WHAT TO DO.
Reproduce the data below in full and exclude every picture.

DATASET CONTENT.
"""

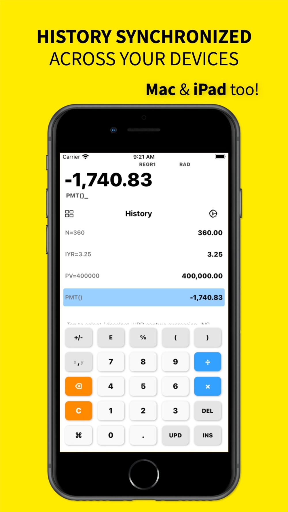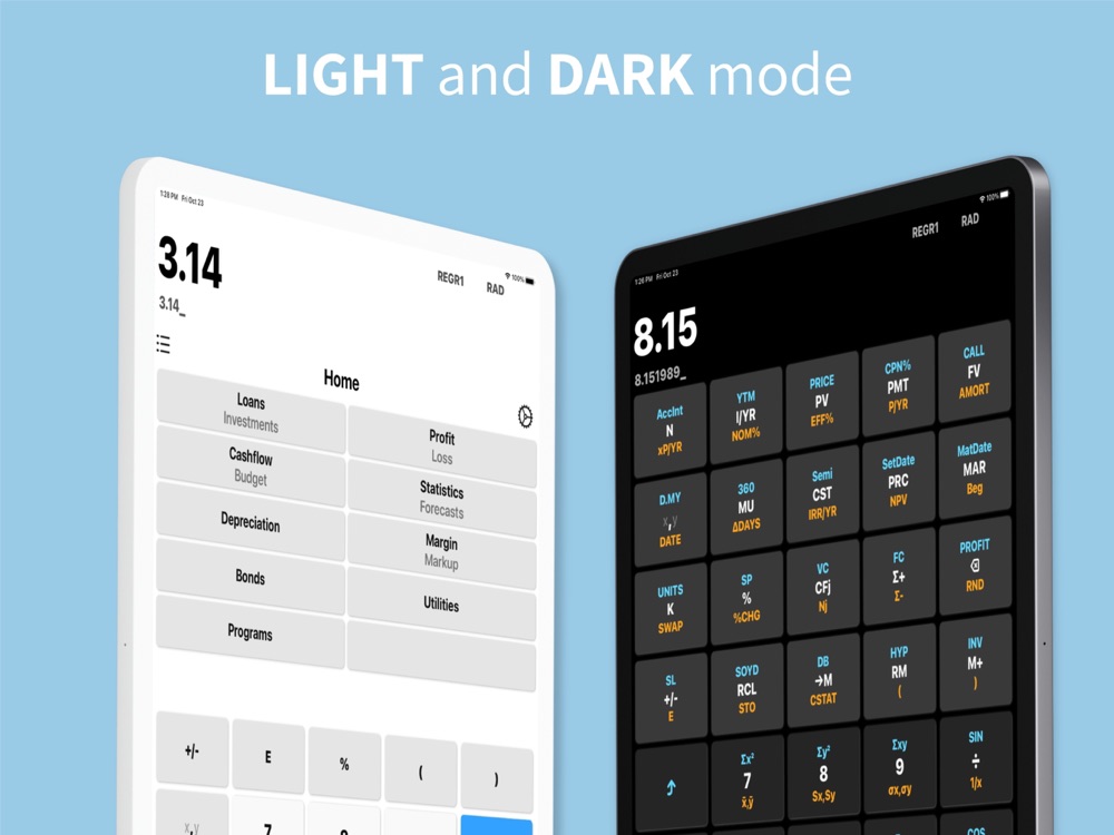Support for light and dark on iPhone and iPad. Landscape support. Dynamic text size support. iCloud sync history, current calculation, programs, and variables across all devices. Multi-tasking on the iPad in portrait and landscape modes. Sync across iPhone, iPad, and soon MacOS.
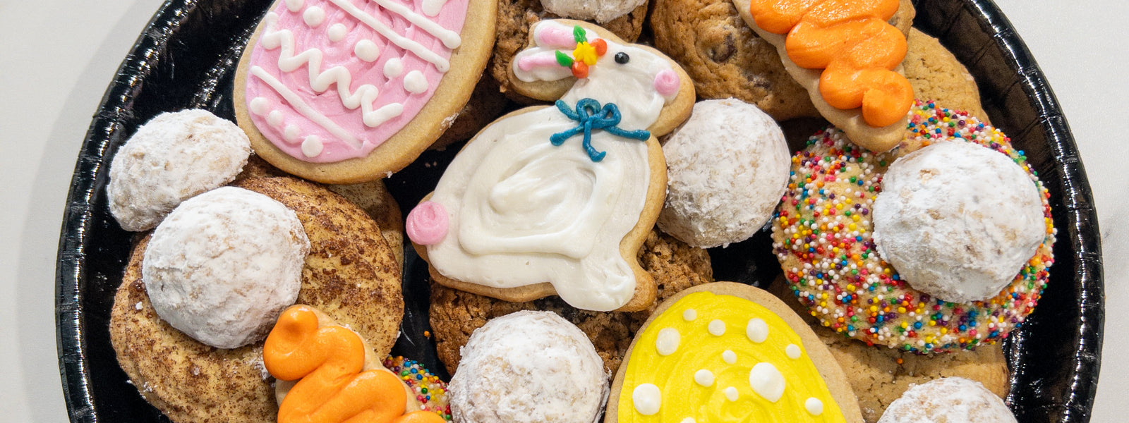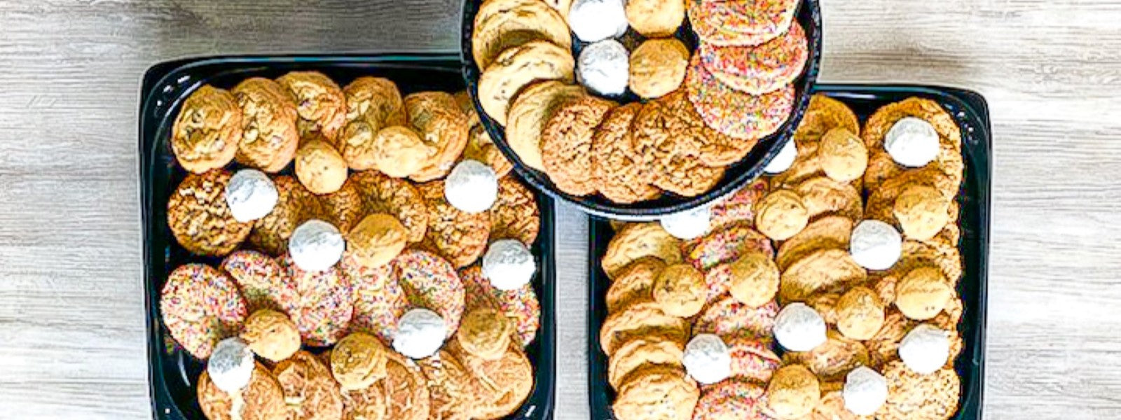 This 2 dozen cookie tray is packed with 24 delicious and freshly-baked favorites. Includes chocolate chip, oatmeal raisin, sprinkle, and snickerdoodle, along with our signature wedding shortbread cookies. Satisfy any sweet tooth!
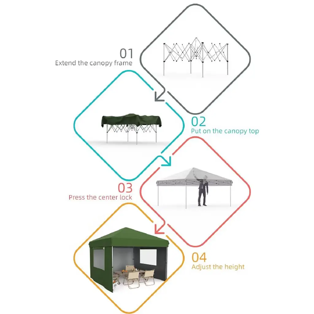 Gustowave 10x10 Ft Pop Up Canopy With 4 Sidewalls For Deck, Garden, Green

"""

ANSWER SPACE.
Support for light and dark on iPhone and iPad. Landscape support. Dynamic text size support. iCloud sync history, current calculation, programs, and variables across all devices. Multi-tasking on the iPad in portrait and landscape modes. Sync across iPhone, iPad, and soon MacOS.
 This 2 dozen cookie tray is packed with 24 delicious and freshly-baked favorites. Includes chocolate chip, oatmeal raisin, sprinkle, and snickerdoodle, along with our signature wedding shortbread cookies. Satisfy any sweet tooth!
 Gustowave 10x10 Ft Pop Up Canopy With 4 Sidewalls For Deck, Garden, Green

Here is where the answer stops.